■ **WHAT YOU SHOULD DO**
Only one span of the material below is wanted. Output it exactly, from the line with "Damen Kniehohe Stiefel" through the line with "現(xiàn)在水泥與100", without any pictures.

■ **RECORDS FOR THIS EXERCISE**
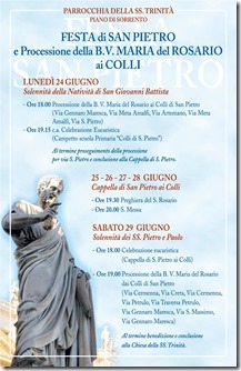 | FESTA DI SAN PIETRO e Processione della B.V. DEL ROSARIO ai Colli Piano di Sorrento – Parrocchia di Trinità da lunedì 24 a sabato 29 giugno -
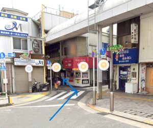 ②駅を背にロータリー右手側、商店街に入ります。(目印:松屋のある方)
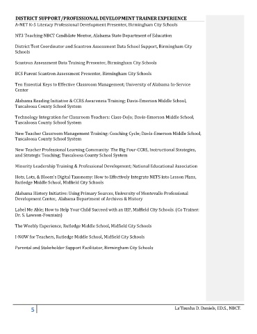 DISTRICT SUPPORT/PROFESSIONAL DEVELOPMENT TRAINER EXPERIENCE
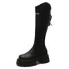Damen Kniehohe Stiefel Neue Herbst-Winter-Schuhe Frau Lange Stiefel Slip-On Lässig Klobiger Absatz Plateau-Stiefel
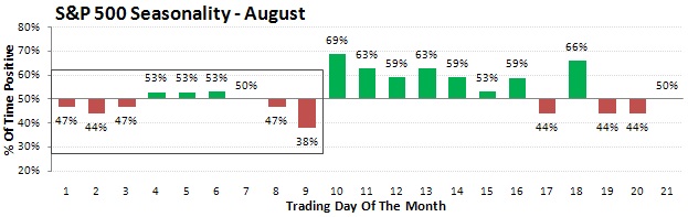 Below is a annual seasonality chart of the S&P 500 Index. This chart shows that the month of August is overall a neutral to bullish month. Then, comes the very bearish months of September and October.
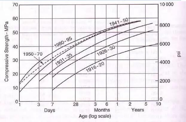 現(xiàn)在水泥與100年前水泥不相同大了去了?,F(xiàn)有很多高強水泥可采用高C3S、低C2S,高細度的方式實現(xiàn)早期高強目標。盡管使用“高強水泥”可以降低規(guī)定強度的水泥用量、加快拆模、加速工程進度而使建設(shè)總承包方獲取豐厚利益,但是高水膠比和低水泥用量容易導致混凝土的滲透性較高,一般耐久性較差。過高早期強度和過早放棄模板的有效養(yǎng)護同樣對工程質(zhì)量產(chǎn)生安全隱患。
...
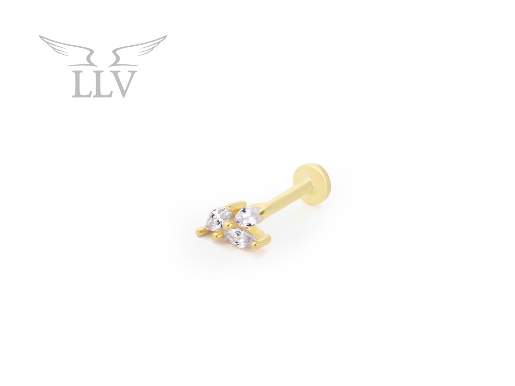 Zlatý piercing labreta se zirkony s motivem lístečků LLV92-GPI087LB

■ **TASK ANSWER**
Damen Kniehohe Stiefel Neue Herbst-Winter-Schuhe Frau Lange Stiefel Slip-On Lässig Klobiger Absatz Plateau-Stiefel
 Below is a annual seasonality chart of the S&P 500 Index. This chart shows that the month of August is overall a neutral to bullish month. Then, comes the very bearish months of September and October.
 現(xiàn)在水泥與100年前水泥不相同大了去了?,F(xiàn)有很多高強水泥可采用高C3S、低C2S,高細度的方式實現(xiàn)早期高強目標。盡管使用“高強水泥”可以降低規(guī)定強度的水泥用量、加快拆模、加速工程進度而使建設(shè)總承包方獲取豐厚利益,但是高水膠比和低水泥用量容易導致混凝土的滲透性較高,一般耐久性較差。過高早期強度和過早放棄模板的有效養(yǎng)護同樣對工程質(zhì)量產(chǎn)生安全隱患。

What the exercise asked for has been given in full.